» Task brief:
Each line from the one containing "on pourrait apercevoir" to the end of the data must be copied exactly, the first and last included; no other lines and no pictures belong in the copy.

Data entries:
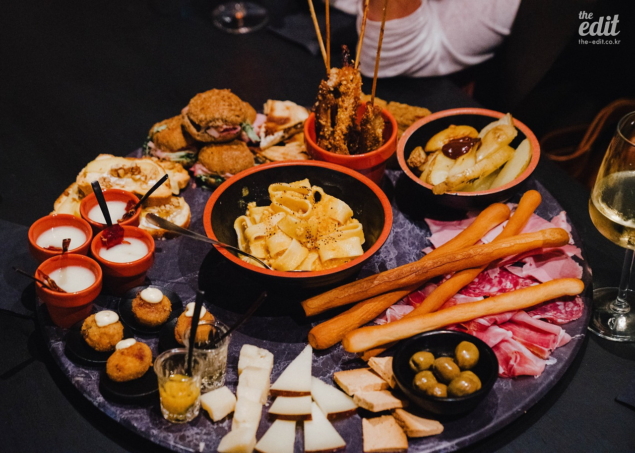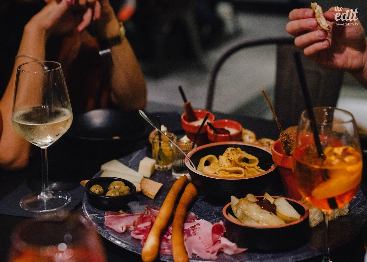 어떤 곳은 감자칩과 올리브, 차가운 햄 정도 나오는 간단한 구성부터 도저히 저녁을 먹을 수 없을 것 같은 화려한 라인업을 자랑하는 곳도 있다. 함께 마시는 술도 다양하다. 꼭 아페롤 스프리츠를 마실 필요는 없다. 와인부터 맥주, 칵테일까지 안주와 한 잔의 술을 합리적인 가격으로 제공하는 게 바로 아페리티보 문화의 핵심이니까. 쉽게 설명하면 우리나라의 해피 아워 같은 거라고 할 수 있겠다.
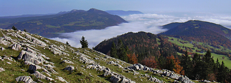 on pourrait apercevoir le lac de Joux au milieu
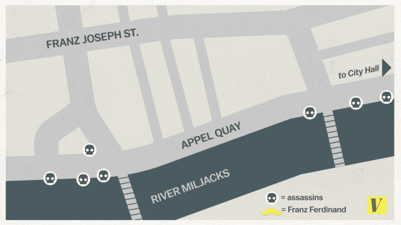 1914년 6월 28일 오스트리아-헝가리 제국의 대공 프란츠 페르디난트가 합스부르크 영토의 일부였던 사라예보에 도착했다. 그는 왕위 계승 서열에서 저명한 온건파를 제거하여 빈과 남슬라브 주민 사이의 긴장을 고조시키고자 도시에서 그를 살해하려는 7명의 세르비아 테러리스트들을 만났다. 첫 번째 암살자는 경찰관 근처에 서 있었기에 무기를 사용하지 않았다. 두 번째 암살자는 수류탄을 던져 여러 명에게 부상을 입혔다. 그다음 차량 행렬은 다른 암살자들을 지나쳐갔지만, 소란 중에 명확한 사격이 없었기 때문에 아무도 행동하지 않았다. 암살자들은 그들의 음모가 실패했다고 믿었다. 프란츠 페르디난트는 수류탄으로 다친 사람들을 살필 수 있도록 차를 돌리라고 명령했지만 운전자는 이를 오해했고, 원래 경로를 따라가다가 다시 돌리려고 하면서 차가 멈췄다. 우연하게도 이때 프란츠 요제프 스트리트로 이동한 가브릴로 프린치프가 치명적인 총격을 날릴 수 있었다.
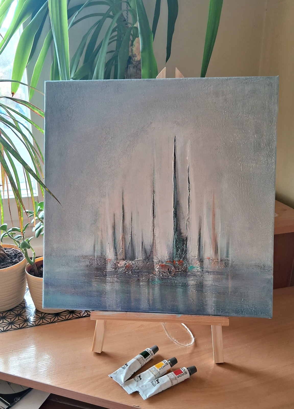 Obraz na płótnie ręcznie malowany akrylami strukruralny abstrakcja Żaglówki 40x40
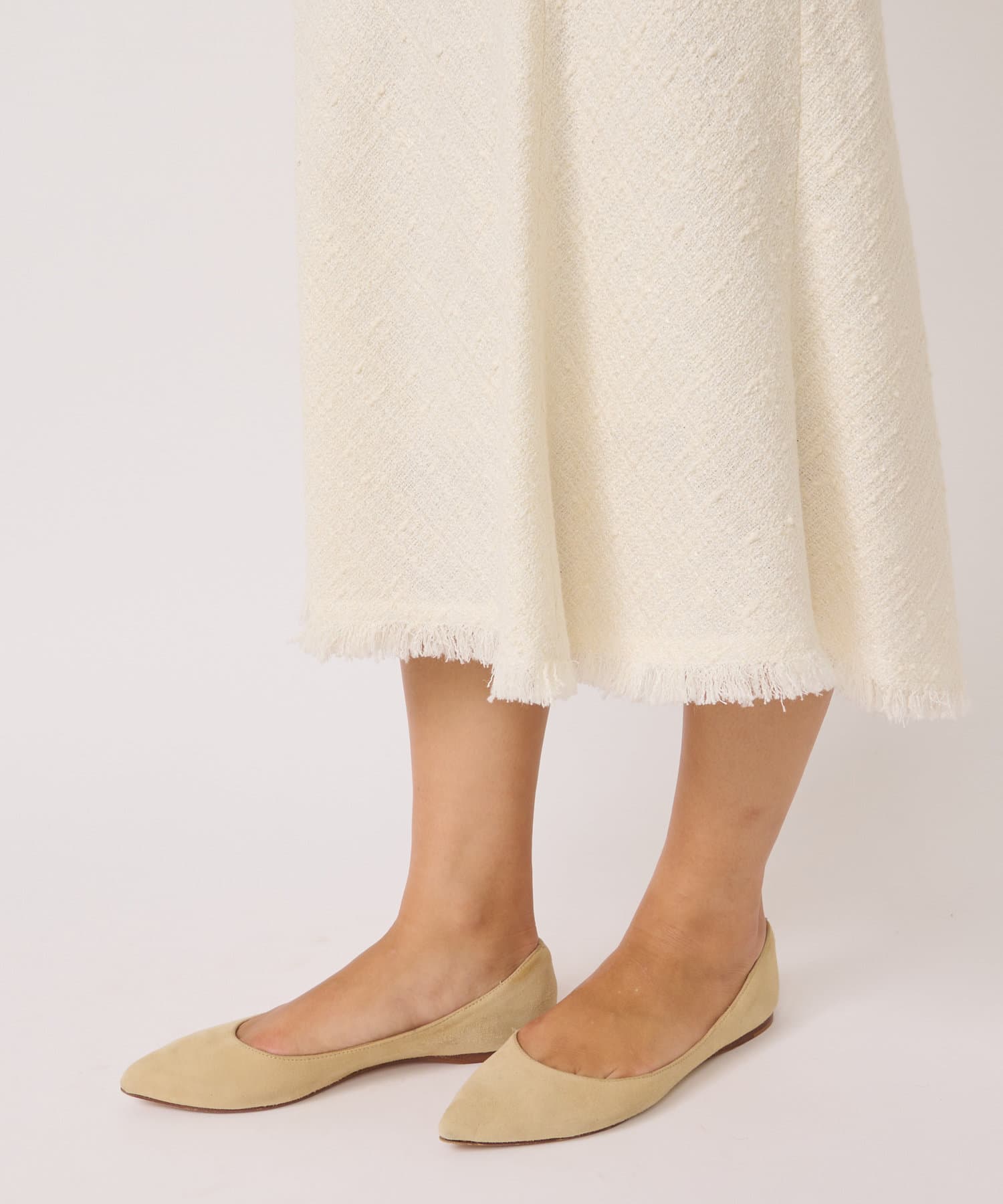 裾はフリンジを施し、後ろが長いバックテールライン。歩くたびに揺れる女性らしいシルエットです。
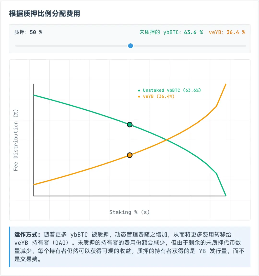 不過分配給 veYB 的手續費是動態的,其實是要在 ybBTC 和 veYB 持有人中動態劃分,其中 veYB 固定最低 10% 保底分成,也就是說,即使所有人都不質押 ybBTC,他們也只能獲得原始總收入的 45%,而 veYB 也就是 YB 自身可獲得總收入的 5%。
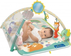 Sono inclusi giochini sospesi removibili, uno specchietto per il riconoscimento di sé, un sonaglino-nuvoletta che imita il suono della pioggia, tre anelli-mordicchiatoi e un modulo elettronico con melodie e suoni della natura. Il tappetino è lavabile a 30 °C, le parti in plastica si puliscono con un panno umido. Uno spazio di gioco sicuro che favorisce coordinazione dei movimenti, percezione spaziale e immaginazione.

» Answer to the problem:
 on pourrait apercevoir le lac de Joux au milieu
 1914년 6월 28일 오스트리아-헝가리 제국의 대공 프란츠 페르디난트가 합스부르크 영토의 일부였던 사라예보에 도착했다. 그는 왕위 계승 서열에서 저명한 온건파를 제거하여 빈과 남슬라브 주민 사이의 긴장을 고조시키고자 도시에서 그를 살해하려는 7명의 세르비아 테러리스트들을 만났다. 첫 번째 암살자는 경찰관 근처에 서 있었기에 무기를 사용하지 않았다. 두 번째 암살자는 수류탄을 던져 여러 명에게 부상을 입혔다. 그다음 차량 행렬은 다른 암살자들을 지나쳐갔지만, 소란 중에 명확한 사격이 없었기 때문에 아무도 행동하지 않았다. 암살자들은 그들의 음모가 실패했다고 믿었다. 프란츠 페르디난트는 수류탄으로 다친 사람들을 살필 수 있도록 차를 돌리라고 명령했지만 운전자는 이를 오해했고, 원래 경로를 따라가다가 다시 돌리려고 하면서 차가 멈췄다. 우연하게도 이때 프란츠 요제프 스트리트로 이동한 가브릴로 프린치프가 치명적인 총격을 날릴 수 있었다.
 Obraz na płótnie ręcznie malowany akrylami strukruralny abstrakcja Żaglówki 40x40
 裾はフリンジを施し、後ろが長いバックテールライン。歩くたびに揺れる女性らしいシルエットです。
 不過分配給 veYB 的手續費是動態的,其實是要在 ybBTC 和 veYB 持有人中動態劃分,其中 veYB 固定最低 10% 保底分成,也就是說,即使所有人都不質押 ybBTC,他們也只能獲得原始總收入的 45%,而 veYB 也就是 YB 自身可獲得總收入的 5%。
 Sono inclusi giochini sospesi removibili, uno specchietto per il riconoscimento di sé, un sonaglino-nuvoletta che imita il suono della pioggia, tre anelli-mordicchiatoi e un modulo elettronico con melodie e suoni della natura. Il tappetino è lavabile a 30 °C, le parti in plastica si puliscono con un panno umido. Uno spazio di gioco sicuro che favorisce coordinazione dei movimenti, percezione spaziale e immaginazione.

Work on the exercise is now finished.